Records drawn from a dataset:
- Opening Delimiter -
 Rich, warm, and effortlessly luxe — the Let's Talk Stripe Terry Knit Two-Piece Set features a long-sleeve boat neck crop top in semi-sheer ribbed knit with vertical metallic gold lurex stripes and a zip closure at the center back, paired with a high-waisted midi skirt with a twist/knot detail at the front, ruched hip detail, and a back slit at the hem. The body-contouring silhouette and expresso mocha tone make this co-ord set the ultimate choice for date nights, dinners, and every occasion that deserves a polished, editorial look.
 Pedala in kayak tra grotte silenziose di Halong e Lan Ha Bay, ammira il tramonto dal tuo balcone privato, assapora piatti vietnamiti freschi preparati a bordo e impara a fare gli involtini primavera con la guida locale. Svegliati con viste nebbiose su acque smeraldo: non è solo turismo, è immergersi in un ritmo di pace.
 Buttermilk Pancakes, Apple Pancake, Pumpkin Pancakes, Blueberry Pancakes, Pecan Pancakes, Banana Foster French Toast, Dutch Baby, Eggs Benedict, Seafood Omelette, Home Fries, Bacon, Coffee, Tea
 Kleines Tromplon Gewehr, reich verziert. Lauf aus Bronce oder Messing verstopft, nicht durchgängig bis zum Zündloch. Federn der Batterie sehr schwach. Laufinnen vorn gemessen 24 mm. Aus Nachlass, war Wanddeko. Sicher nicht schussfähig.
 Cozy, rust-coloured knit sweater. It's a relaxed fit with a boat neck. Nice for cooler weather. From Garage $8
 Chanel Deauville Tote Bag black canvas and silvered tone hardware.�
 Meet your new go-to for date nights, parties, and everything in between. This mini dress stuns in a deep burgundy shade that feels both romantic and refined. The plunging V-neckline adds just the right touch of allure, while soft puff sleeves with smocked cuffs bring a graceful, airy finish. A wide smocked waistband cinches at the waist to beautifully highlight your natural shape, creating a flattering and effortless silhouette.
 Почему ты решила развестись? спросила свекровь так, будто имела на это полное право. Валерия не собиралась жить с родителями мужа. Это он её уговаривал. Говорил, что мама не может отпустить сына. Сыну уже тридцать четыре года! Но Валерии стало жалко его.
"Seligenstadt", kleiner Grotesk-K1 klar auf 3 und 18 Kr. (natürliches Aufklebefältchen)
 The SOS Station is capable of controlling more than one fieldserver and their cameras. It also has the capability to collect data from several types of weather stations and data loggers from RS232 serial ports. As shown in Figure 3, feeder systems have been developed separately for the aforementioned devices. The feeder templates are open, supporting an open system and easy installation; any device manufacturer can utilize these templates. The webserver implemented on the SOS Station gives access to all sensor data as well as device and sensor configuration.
- Closing Delimiter -
Only those lines of the entries above that run from the line containing "Cozy, rust-coloured knit" to the line containing "Chanel Deauville Tote", both included, should be transcribed exactly.

 Cozy, rust-coloured knit sweater. It's a relaxed fit with a boat neck. Nice for cooler weather. From Garage $8
 Chanel Deauville Tote Bag black canvas and silvered tone hardware.�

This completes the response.